Laut dem Drogen- und Suchtbericht der Bundesregierung aus dem Jahr 2020 ist Cannabis in Deutschland die am weitesten verbreitete illegale Droge. Rund 46 Prozent der 18 bis 25-Jährigen haben dem Bericht zufolge bereits einmal Cannabis probiert. Die aktuelle Auswertung der Versichertendaten der AOK Ostwürttemberg belegt einen markanten Anstieg von Versicherten, die sich wegen Cannabismissbrauchs im Landkreis Heidenheim in ärztlicher Therapie befanden.

Frauen häufiger in Therapie

Waren es 2015 noch 73, so waren es 2019 insgesamt 158 Versicherte. Das entspricht 0,3 Prozent aller AOK-Versicherten in der Region. Von 2015 bis 2019 sind die Behandlungen wegen Cannabis-Konsums von AOK Versicherten im Kreis Heidenheim im Schnitt um jährlich 20,7 Prozent gestiegen. Bei Frauen ist die jährliche Veränderung dabei signifikant höher als bei Männern (33,5 Prozent zu 18 Prozent).
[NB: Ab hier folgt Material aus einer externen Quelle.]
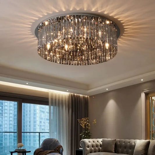Luxuriöser, runder Deckenleuchter aus grauem Kristallglas für Wohnzimmer, Schlafzimmer
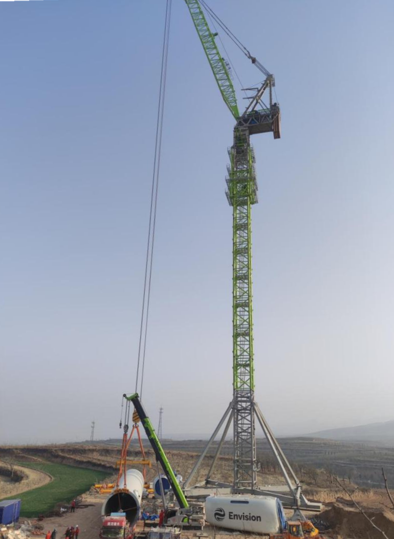 △中聯(lián)重科風(fēng)電動(dòng)臂塔機(jī)LW2340-180正在吊裝
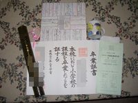 hitomiさん、あずさん、そして、いつもコメントをくださっている常連の皆様。 なかなかお返事できず申し訳ありませんが、いつもありがたく読ませていただいて、とても励まされています。 どうもありがとうございます。m(__)m そんな中。 今日、ダンナさんとともに街中へ出て、注文していたこれをとってきました。↓ 息子が4月に入学する、公立中学校の制服です♪ 『3年間の成長』を見越して、大きめに採寸してある上に、今までゴムウエストの半ズボンしか履いたことがなく、まだベルトとか慣れなくてちゃんとできないので、絵に描いたようにダボダボになってます。。(^_^;) そして。 「オレ、コロコ○(コミック)読んでたのに~! 何で今着なきゃいけないんだよ?(ーー;)」 文句ゆーな息子。 キミのその制服を"入学祝"として贈ってくれた、おじいちゃんおばあちゃん。 そして、日々キミと一緒にいるおばあ(義父の姉)にお見せするのが、『嫁さん』たるかあ(さん)の、皆さんに対する礼儀なんだよ。(^_^;) ↑このところの一連の検査漬けで、私自身の卒業式出席の準備(←意地でも出席するぞ!)を何もしてなかったことに気づいた。。 ヤバイ、私何用意すればいいんだ???(~_~;)応援いただけると、本当にありがたいです。m(__)m↓
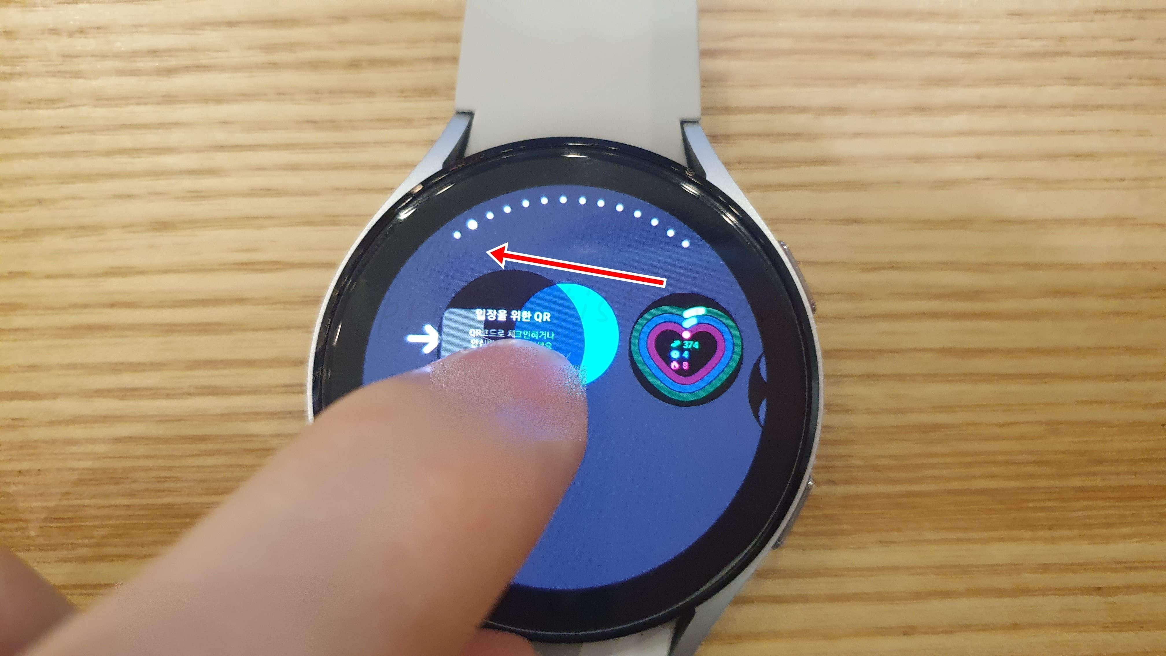 이제 갤럭시워치에서 위 설정으로 어떻게 카톡 QR코드 체크인을 빠르게 실행할 수 있는지 확인해보겠습니다. 갤럭시워치가 켜진 상태에서 화면을 우측으로 한번만 밀어주세요.
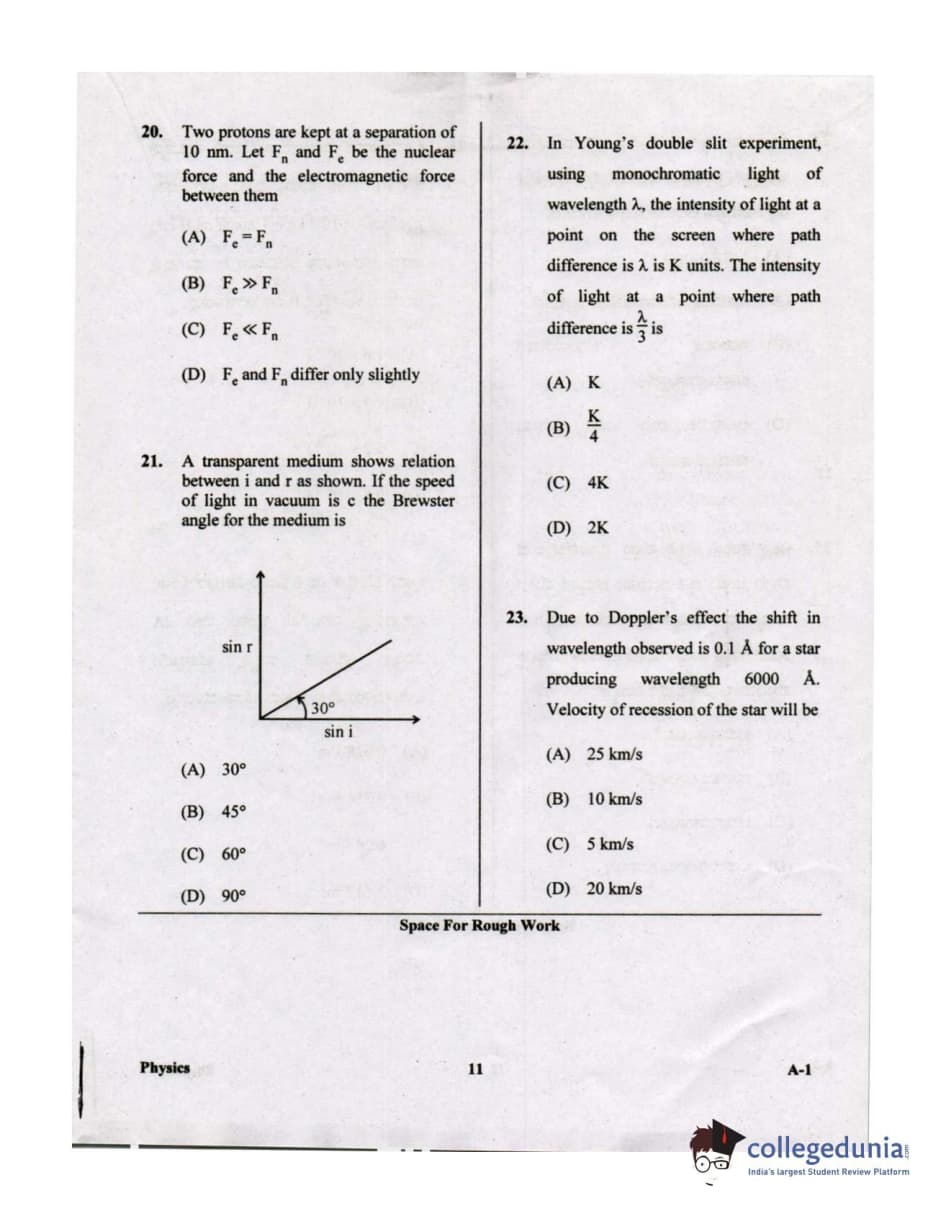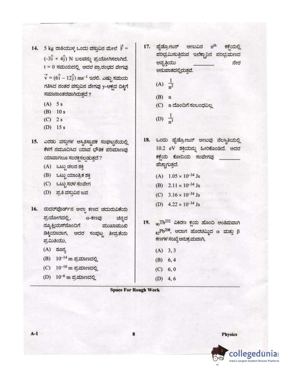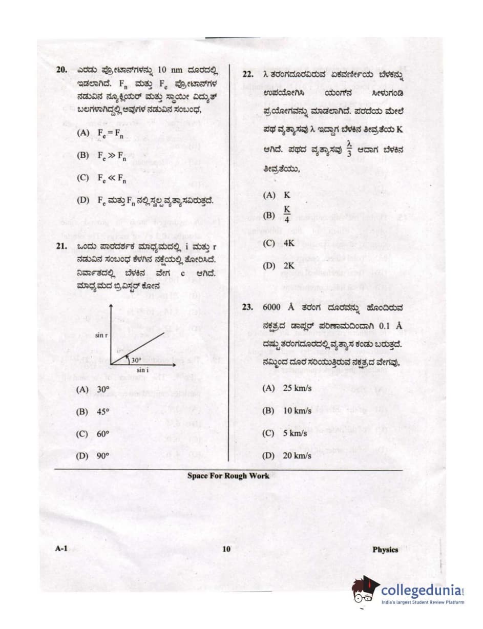 KCET 2019 Physics Question Paper with Answer Key PDF for Morning Session
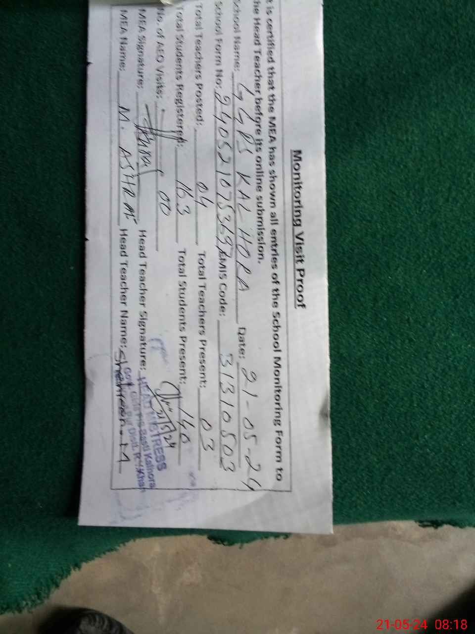 | Attendance Register | Head Teacher | MEA with School | Visit Proof |
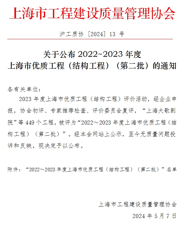 关于公布2022~2023年度上海市优质工程(结构工程)(第二批)的通知
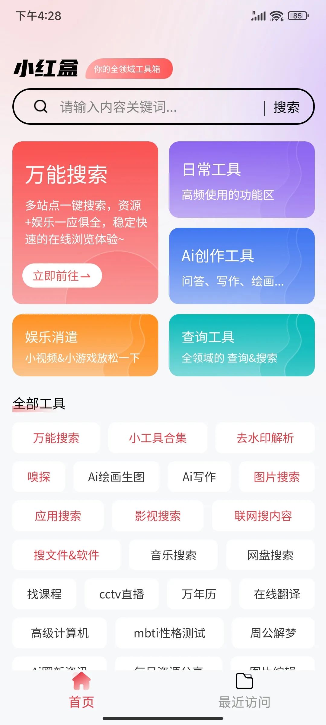 这款应用被开发者称为全领域工具箱,其万能搜索功能确实名副其实。
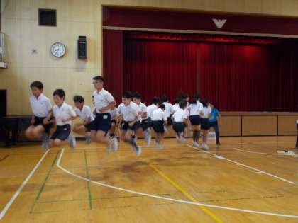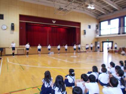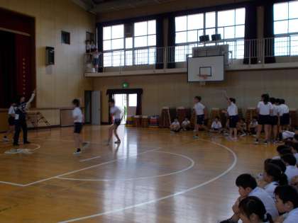 6年生は、短縄・長縄の技を見せてくれました。1番目は♪「365日の紙飛行機」♪に合わせて、短縄で交差跳びやあや跳び、二重跳び・ハヤブサを軽快に披露してくれました。2番目は、長縄での連続跳びです。目標は50回ということでした。見ている低学年が大きな声で数を読んでくれます。「98、99、100、101……110、111、112!」引っかかることなく連続112回跳ぶことができました。
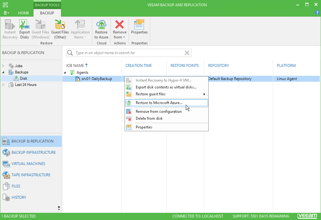 You can restore Linux machines from Veeam Agent backups to Microsoft Azure.
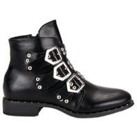 Rockowe, stylowe czarne botki z klamrami to propozycja dla kobiet, które uwielbiają stylizacje z pazurem. Buty są oryginalne, mają ciekawe zdobienia i na pewno nie pozostaną niezauważone. Ich zaletą jest także oferowany komfort – botki wyposażone zostały w solidną podeszwę oraz miękką wkładkę, świetnie sprawdzają się podczas wielogodzinnych spacerów.
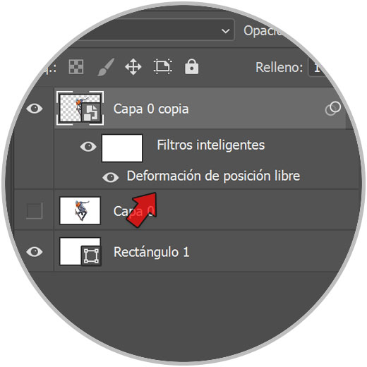A continuación nos ponemos sobre la capa de imagen creada e iremos al menú de “Edición – Deformación de posición libre”.
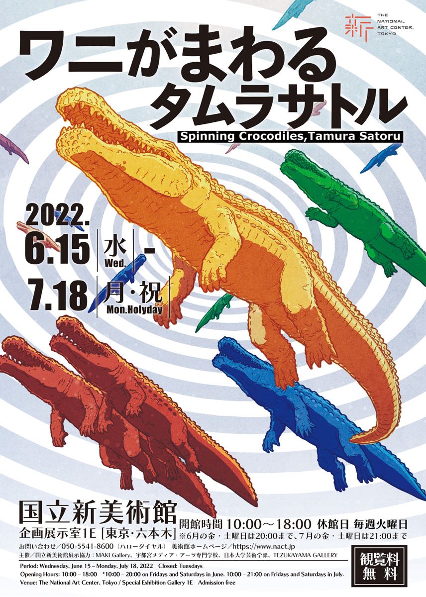 開館15周年という記念の年に、現代美術家・タムラサトルの個展を開催。代表作「まわるワニ」のカラフルな彫刻を、約12メートルの巨大なワニを中心に、大型インスタレーション作品として展開する。ユーモアに満ちたタムラの作品は、既成の価値観を揺さぶり、「アートとは何か」という問いについて考えさせてくれます。また、作家の自由で豊かな想像力に触れることで、アートを身近に感じ、子どもから大人まで楽しんでいただける展覧会。

Allerdings: „In der Statistik erscheinen nur diejenigen, die nach einem Missbrauch auch tatsächlich medizinisch versorgt werden mussten“, erklärt Silke Kühner, Leiterin des Sozialen Dienstes der AOK Ostwürttemberg. „Das lässt keine Rückschlüsse auf die tatsächliche Zahl der Konsumenten zu“, so Kühner. Das ließe sich allenfalls vermuten.

AOK: Hohes Abhängigkeitspotential bei Cannabis

Cannabis zählt wie Alkohol zu den bewusstseinsverändernden Substanzen und hat ein hohes Sucht- und Abhängigkeitspotential. Welche Wirkungen der Konsum von Cannabis ausübt und wie stark diese sind, hängt von mehreren Faktoren ab. Dazu zählen etwa die Art des Konsums (geraucht oder gegessen), die aufgenommene Wirkstoffmenge, die Grundstimmung und die psychische Stabilität des Betroffenen.

Trotz zunehmender Legalisierung von Cannabis, wie etwa in den Niederlanden oder Spanien, sind die Folgen des Konsums nicht zu unterschätzen. Die unmittelbaren Risiken des Konsums sind psychischer Natur. Dabei kann es im Cannabisrausch unter anderem zu Depressionen, Halluzinationen, Angstzuständen und Panikattacken kommen. Langzeitfolgen können die Schädigung der Lunge, wiederkehrende „Flashbacks“, Psychosen oder Schizophrenie sein.

Stuttgart

Wo es Hilfe bei Drogenproblemen gibt:


Nach Auskunft von Silke Kühnert, Leiterin des Sozialen Dienstes der AOK Ostwürttemberg, können sich Hilfesuchende in der Region an den Sozialen Dienst der AOK Ostwürttemberg sowie an die Suchtberatungsstellen des Landkreises Heidenheim oder auch des Ostalbkreises wenden.